▶ **TASK GOAL**
In the entries below, find the line with "シックな色の西陣織物 金襴生地(金らん) 桧垣にのぞく桜(ねずみ色)" and the line with "Tyto kaštany jsou". Repeat exactly everything between them, those two lines included, but not the pictures.
MATERIAL FOR THIS TASK below:
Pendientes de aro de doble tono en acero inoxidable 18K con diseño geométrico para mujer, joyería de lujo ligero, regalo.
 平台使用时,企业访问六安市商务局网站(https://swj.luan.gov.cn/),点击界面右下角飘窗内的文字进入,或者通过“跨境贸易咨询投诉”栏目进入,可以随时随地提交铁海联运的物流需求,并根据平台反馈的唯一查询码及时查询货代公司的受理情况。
End of MATERIAL FOR THIS TASK.
MATERIAL FOR THIS TASK below:
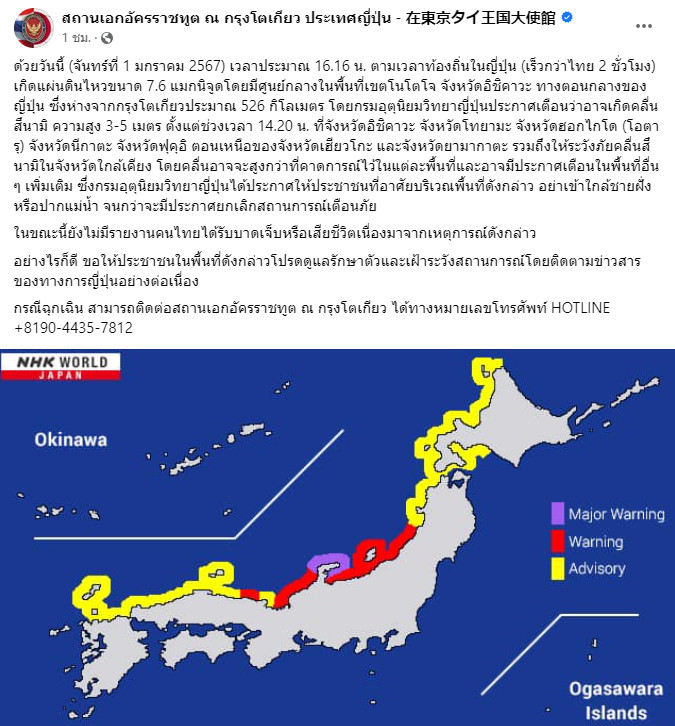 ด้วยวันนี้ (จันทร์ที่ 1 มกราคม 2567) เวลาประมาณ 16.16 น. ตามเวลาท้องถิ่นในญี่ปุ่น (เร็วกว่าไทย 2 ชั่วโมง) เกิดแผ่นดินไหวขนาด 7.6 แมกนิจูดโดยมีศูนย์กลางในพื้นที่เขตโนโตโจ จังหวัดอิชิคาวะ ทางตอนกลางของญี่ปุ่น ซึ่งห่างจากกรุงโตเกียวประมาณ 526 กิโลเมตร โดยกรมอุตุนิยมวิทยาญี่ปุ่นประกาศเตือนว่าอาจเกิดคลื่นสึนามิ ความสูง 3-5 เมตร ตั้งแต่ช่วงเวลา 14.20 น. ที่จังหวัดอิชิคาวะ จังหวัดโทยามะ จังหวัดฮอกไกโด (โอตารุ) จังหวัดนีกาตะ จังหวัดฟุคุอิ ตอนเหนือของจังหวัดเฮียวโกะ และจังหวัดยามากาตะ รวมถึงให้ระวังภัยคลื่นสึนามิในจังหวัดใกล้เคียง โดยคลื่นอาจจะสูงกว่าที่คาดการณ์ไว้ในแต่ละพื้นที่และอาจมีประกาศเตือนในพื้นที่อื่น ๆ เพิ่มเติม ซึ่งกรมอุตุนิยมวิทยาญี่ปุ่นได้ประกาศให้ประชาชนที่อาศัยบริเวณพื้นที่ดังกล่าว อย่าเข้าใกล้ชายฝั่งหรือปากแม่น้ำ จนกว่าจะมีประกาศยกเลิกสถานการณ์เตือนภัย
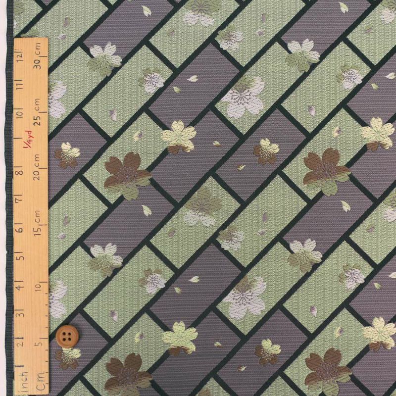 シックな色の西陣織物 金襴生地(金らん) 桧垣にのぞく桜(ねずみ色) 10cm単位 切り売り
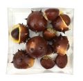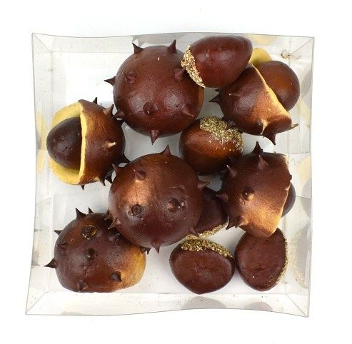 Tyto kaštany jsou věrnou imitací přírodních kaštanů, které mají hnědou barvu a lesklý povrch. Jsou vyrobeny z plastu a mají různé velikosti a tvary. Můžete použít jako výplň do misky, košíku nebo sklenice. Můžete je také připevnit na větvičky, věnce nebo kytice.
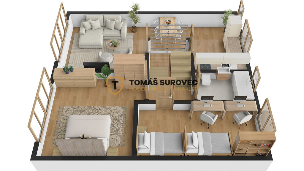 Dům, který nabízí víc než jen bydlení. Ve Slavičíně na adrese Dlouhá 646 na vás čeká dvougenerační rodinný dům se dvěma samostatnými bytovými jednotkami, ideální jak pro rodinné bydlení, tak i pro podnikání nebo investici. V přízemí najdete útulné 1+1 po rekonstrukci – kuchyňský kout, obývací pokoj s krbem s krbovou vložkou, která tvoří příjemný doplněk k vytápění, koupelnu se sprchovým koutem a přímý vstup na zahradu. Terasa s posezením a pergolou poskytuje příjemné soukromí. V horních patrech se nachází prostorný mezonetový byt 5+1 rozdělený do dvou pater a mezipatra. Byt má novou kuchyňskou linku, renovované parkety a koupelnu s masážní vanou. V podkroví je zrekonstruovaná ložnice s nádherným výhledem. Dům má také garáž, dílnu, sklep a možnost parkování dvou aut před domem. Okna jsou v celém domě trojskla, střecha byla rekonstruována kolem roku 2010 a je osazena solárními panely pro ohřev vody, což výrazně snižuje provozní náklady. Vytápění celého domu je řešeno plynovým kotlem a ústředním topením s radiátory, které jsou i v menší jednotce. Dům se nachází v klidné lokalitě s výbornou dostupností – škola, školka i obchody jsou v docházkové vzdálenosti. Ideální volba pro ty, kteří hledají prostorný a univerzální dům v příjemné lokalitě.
End of MATERIAL FOR THIS TASK.
▶ **OUTPUT OF THE TASK**
 シックな色の西陣織物 金襴生地(金らん) 桧垣にのぞく桜(ねずみ色) 10cm単位 切り売り
 Tyto kaštany jsou věrnou imitací přírodních kaštanů, které mají hnědou barvu a lesklý povrch. Jsou vyrobeny z plastu a mají různé velikosti a tvary. Můžete použít jako výplň do misky, košíku nebo sklenice. Můžete je také připevnit na větvičky, věnce nebo kytice.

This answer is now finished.